There are a group of students. Some of them may know each other, while others don't. For example, A and B know each other, B and C know each other. But this may not imply that A and C know each other.
Now you are given all pairs of students who know each other. Your task is to divide the students into two groups so that any two students in the same group don't know each other.If this goal can be achieved, then arrange them into double rooms. Remember, only paris appearing in the previous given set can live in the same room, which means only known students can live in the same room.
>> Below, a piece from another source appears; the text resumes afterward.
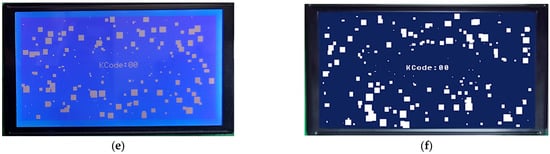 Results of unit tests (a–d) and functional tests (e,f) performed using TMSLAB real device (a,c,e) and its virtual simulator (b,d,f): (a) photograph of real TMSLAB graphic-layer test; (b) screenshot of virtual-simulator graphic-layer test; (c) photograph of real TMSLAB textual-layer test; (d) screenshot of virtual-simulator textual-layer test; (e) photograph of real TMSLAB system-level test; (f) screenshot of virtual-simulator system-level test.

Calculate the maximum number of pairs that can be arranged into these double rooms.
Input
For each data set:
The first line gives two integers, n and m(1<n<=200), indicating there are n students and m pairs of students who know each other. The next m lines give such pairs.
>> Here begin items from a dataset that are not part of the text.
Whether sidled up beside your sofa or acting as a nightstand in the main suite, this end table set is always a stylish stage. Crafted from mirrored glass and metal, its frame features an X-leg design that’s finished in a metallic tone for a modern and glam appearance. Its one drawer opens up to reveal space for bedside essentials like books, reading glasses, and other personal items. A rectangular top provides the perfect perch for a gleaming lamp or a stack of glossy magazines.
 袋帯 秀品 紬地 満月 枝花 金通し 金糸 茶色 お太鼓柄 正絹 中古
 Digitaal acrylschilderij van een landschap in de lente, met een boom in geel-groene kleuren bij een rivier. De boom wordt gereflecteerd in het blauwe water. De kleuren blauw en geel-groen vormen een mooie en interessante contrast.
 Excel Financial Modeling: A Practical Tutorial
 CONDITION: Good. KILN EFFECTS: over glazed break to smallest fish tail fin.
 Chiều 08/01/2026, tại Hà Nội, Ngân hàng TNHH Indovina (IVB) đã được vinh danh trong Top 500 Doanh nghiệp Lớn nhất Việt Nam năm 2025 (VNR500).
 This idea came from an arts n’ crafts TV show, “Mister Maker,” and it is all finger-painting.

Proceed to the end of file.
Output
If these students cannot be divided into two groups, print "No". Otherwise, print the maximum number of pairs that can be arranged in those rooms.
Sample Input
4 4 1 2 1 3 1 4 2 3 6 5 1 2 1 3 1 4 2 5 3 6
Sample Output
No 3
题意:
有n个人,给出m个相互认识的关系,问能否把这些人分成两组,每组中没有人相互认识,两个相互认识的人可以被分到一个房间中,问最多需要安排多少间房
先染色判是否是二分图,再二分图最大匹配,最多的房间数也就是匹配数
#include <bits/stdc++.h>
using namespace std;
typedef long long ll;
const int inf = 0x3f3f3f3f;
const int mod = 1e9 +7;
const int N = 220;
int uN, vN;
int linker[N];
bool vis[N];
int color[N];
int head[N], tot;
struct Edge {
int to, next;
}edge[100 * N]; //注意边数 >> 点数
void init() {
tot = 0;
memset(head, -1, sizeof(head));
memset(edge, 0, sizeof(edge));
memset(color, -1, sizeof(color));
memset(linker, -1, sizeof(linker));
}
void addedge(int u, int v) {
edge[tot].to = v;
edge[tot].next = head[u];
head[u] = tot++;
}
bool set_color(int u, int col) {
for(int i = head[u]; ~i; i = edge[i].next) {
int v = edge[i].to;
if(color[v] == -1) {
color[v] = col ^ 1;
if(!set_color(v, color[v])) return 0;
}
else if(color[v] == col) return 0;
}
return 1;
}
bool judge() {
for(int i = 1; i <= uN; ++i) {
if(color[i] == -1 && head[i] != -1) {
color[i] = 0;
if(!set_color(i, 0))
return 0;
}
}
return 1;
}
bool dfs(int u) {
for(int i = head[u]; i != -1; i = edge[i].next) {
int v = edge[i].to;
if(!vis[v]) {
vis[v] = 1;
if(linker[v] == -1 || dfs(linker[v])) {
linker[v] = u;
return true;
}
}
}
return false;
}
int hungary() {
int res = 0;
for(int u = 1; u <= uN; ++u) {
memset(vis, 0, sizeof(vis));
if(dfs(u))
res++;
}
return res;
}
int main() {
while(~scanf("%d%d", &uN, &vN)) {
init();
int u, v;
for(int i = 1; i <= vN; ++i) {
scanf("%d%d", &u, &v);
addedge(u, v);
addedge(v, u);
}
if(!judge()) printf("No\n");
else printf("%d\n", hungary() / 2);
}
return 0;
}